Deployment pipelines with the right strategy
The goal should be to avoid downtime during deployment. Deployments of newer versions of API should be automated using a CI/CD pipeline and should follow one of the suitable deployment strategies Couple of examples are the Blue-Green strategy and rolling deployment strategy. The strategy suitable for your application depends on various factors like whether your application can support instances of two different versions running at the same time etc.
Log aggregation and monitoring
Logging is essential to debug any issue with the application. With containers being the preferred mode of deployment generally, it is not ideal to follow the traditional way of logging to a file. There can be n number of containers and subsequently n number of log files. It will become a mammoth of a task to go through all the log files to trace a single instance of an issue depending on how distributed the application deployment is.
A simple solution to overcome this problem is to use a log aggregation stack. If you are familiar with Kubernetes, you must have heart of the famous EFK/ELK stack. You can find out more about them by just searching for them online but the general idea is that all applications should log to stdout
and a tool like logstash/fluentd will scrape the log entries written to stdout
and store them in Elastic-search. As a follow up step, these log entries can then be queried and monitored using Kibana. In AWS, Cloudwatch offers the same set of features as ELK/EFK stack and should be sufficient if you are deploying your application on AWS.

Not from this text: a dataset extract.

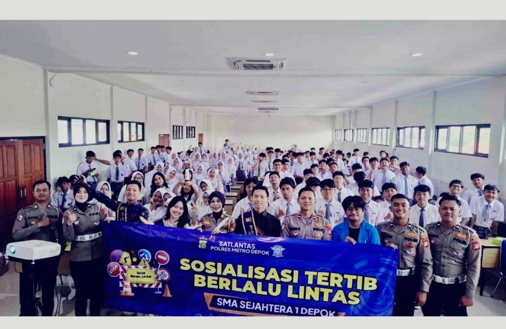 Seperti yang dilaksanakan Satuan Lalu Lintas (Satlantas) Polres Metro Depok, bekerjasama Duta Lalu Lintas (Lantas) Mandala Jaya serta mahasiswa Universitas Bina Sarana Informatika (UBSI) melakukan sosialisasi tertib berlalu lintas berlangsung, Selasa (11/11/2025), di SMA Sejahtera 1 Kota Depok, Jawa Barat.

Once you get the log aggregation from various containers into one common location in place, alerts can be built into the log monitoring tool to alert the support team in case where an unexpected error is written to the log entries.
Tracing
Tracing is an absolute must for an API deployment. Tracing gives end-end visibility of each call made to the API endpoint. Depending on the amount of instrumentation you can put in place, you can profile and observe each call that is made. This will help you identify and iron out any performance issues that you may be facing with the APIs in production. Tracing also helps you isolate out the span or the section of the API call where the latency is higher and thereby assist you in quickly debugging and identifying the issue.
A very famous open source tracing tool is Jaeger
Performance Monitoring
The performance of the application depends on the resources supplied to it such as vCPU, Memory. A monitoring step which can monitor the usage of such resources across the deployment and provide insights into the usage of the underlying resources will assist in tuning the application to suit the work load. Similar to log monitoring and alerting, the same setup can also be used to alert about any stress with respect to resource utilisation.
This is not a comprehensive list. As the title says, this is not complete. There are lot of other tools that can be plugged into the ecosystem such as dependency scanners, docker image scanners, static code analysers etc., with their own benefits. Those benefits are better suited from an implementation standpoint. This list should get you started with what you need to have in production once you deploy code to production as sensible defaults.